→ **Assignment**
Below are records with pictures; copy word for word only the lines between the line with "统计数据表明,EDA头部企业" and the line with "Maat: 20 cm", inclusive, and drop the pictures.
::::
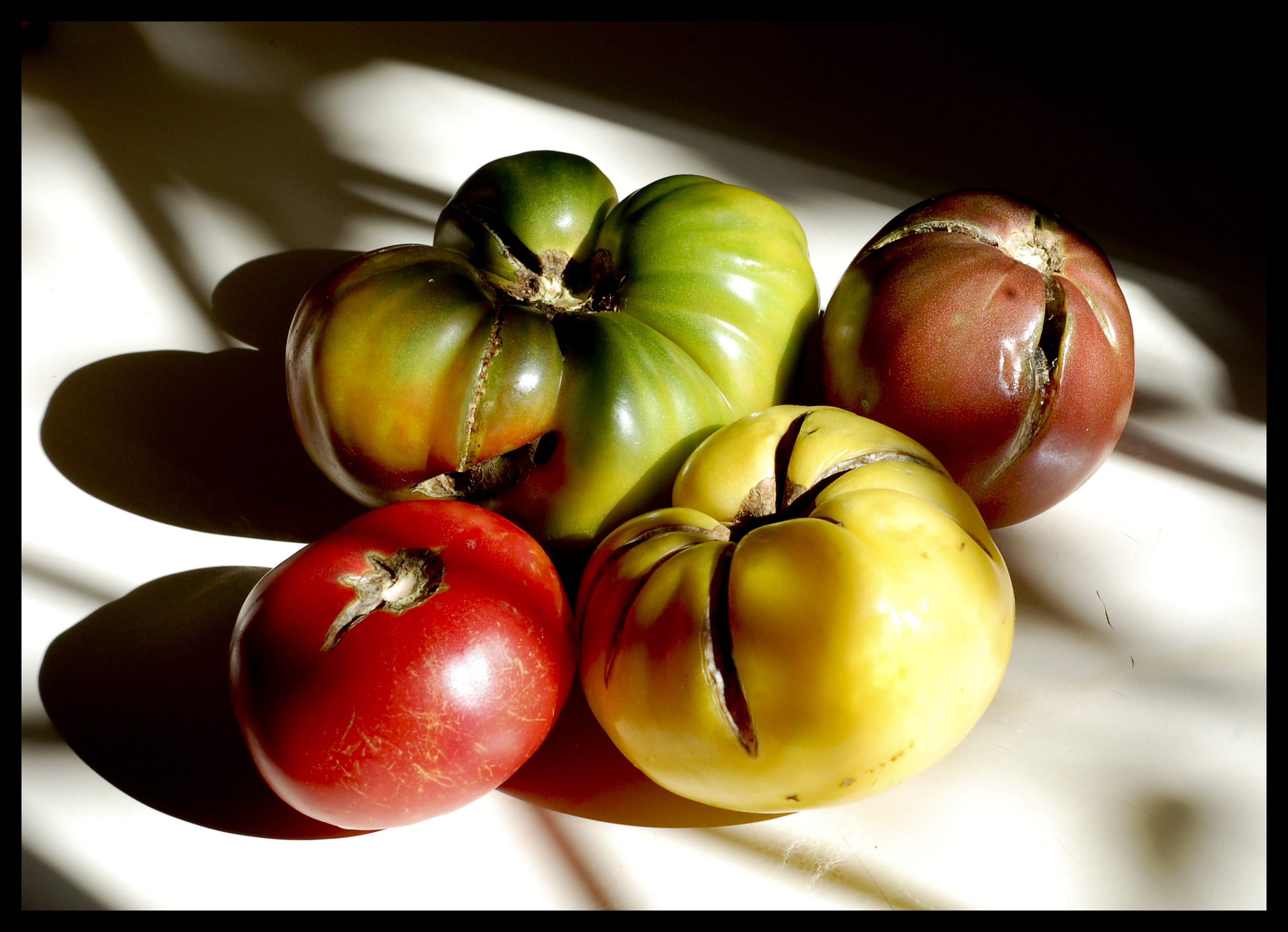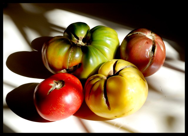 If you can still acquire heirloom tomatoes, run out and buy a couple and come back to make this amazing roasted garlic – tomato – cheese tart. On my last journey to the farmer’s market a couple weeks ago a grabbed a couple of those impossibly beautiful tomatoes and the result was delectable. The tomato man helped me pick out a blend of heirlooms to give me the perfect blend of sweet and tart. I kind of just love the endearing ugliness of heirloom tomatoes.
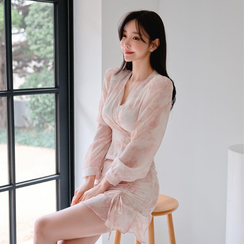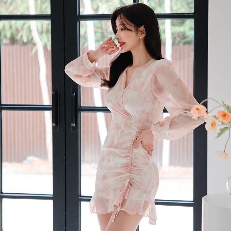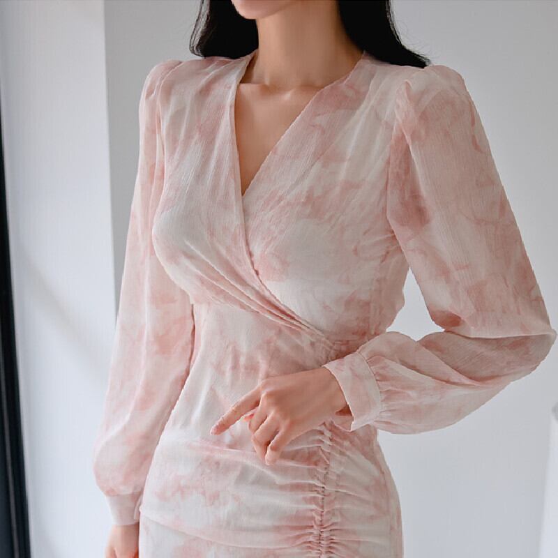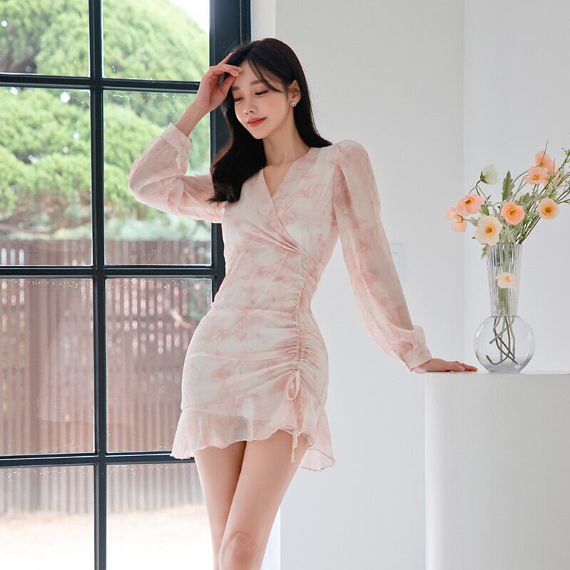ワンピース ペプラム Vネック スウィート ハイウエスト プリント S M L XL
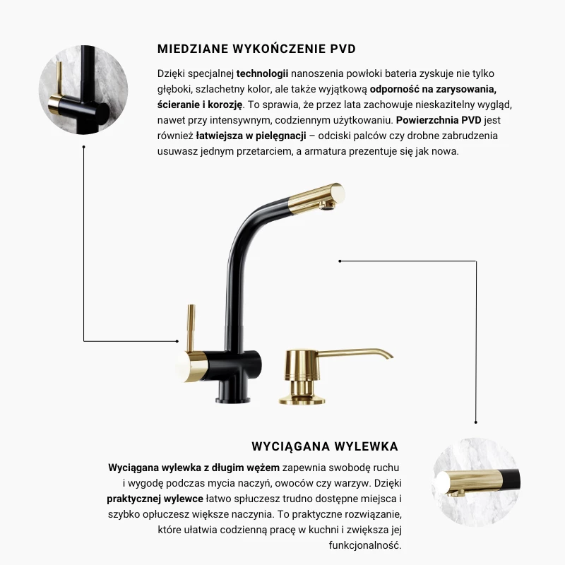 Das Set GLOBALO Lobio Black/Light Gold Ring mit Intio Light Gold Seifenspender ist ideal für alle, die Schönheit und Funktionalität schätzen. Die Armatur fügt sich perfekt in moderne wie auch klassische Küchen ein, während der Seifenspender das Gesamtbild dezent ergänzt. Mit seiner eleganten Ausführung und durchdachten Details wird Ihre Küche noch stilvoller und benutzerfreundlicher.
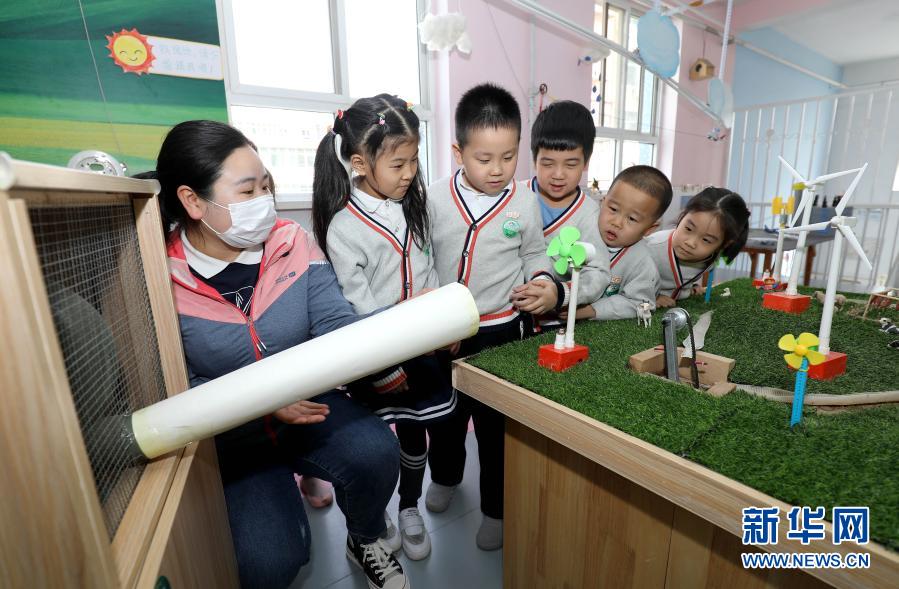 3月22日,在河北省石家莊市橋西區瑞特幼兒園,老師通過“風的超能力”科普實驗,讓孩子們感受風能的作用。(新華社發 梁子棟/攝)
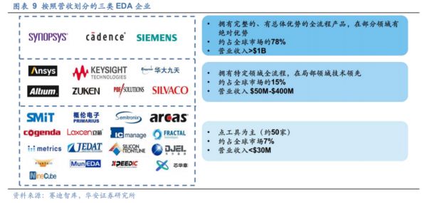 统计数据表明,EDA头部企业垄断了全球90%的市场份额。按照市场份额划分,全球EDA企业可以分为三个梯队。
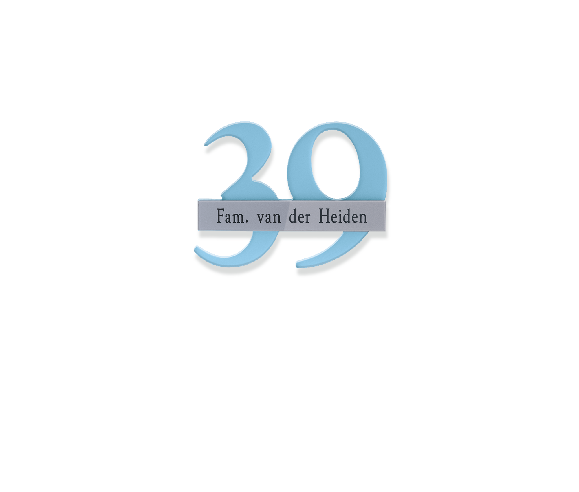 Maat: 20 cm hoog x (hangt af van het aantal cijfers)
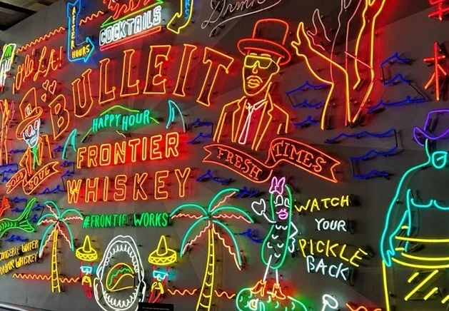 While eating my burrito, I studied L.A.’s finest neon work of art. A full wall of neon signage—a functional, colorful, compelling artwork—adorns one long wall. All my senses—aromas from the cooking pots, the tasty lengua, the eye-popping neon, gritty Los Angeles—were in overdrive.
::::
→ **Result of the task**
 统计数据表明,EDA头部企业垄断了全球90%的市场份额。按照市场份额划分,全球EDA企业可以分为三个梯队。
 Maat: 20 cm hoog x (hangt af van het aantal cijfers)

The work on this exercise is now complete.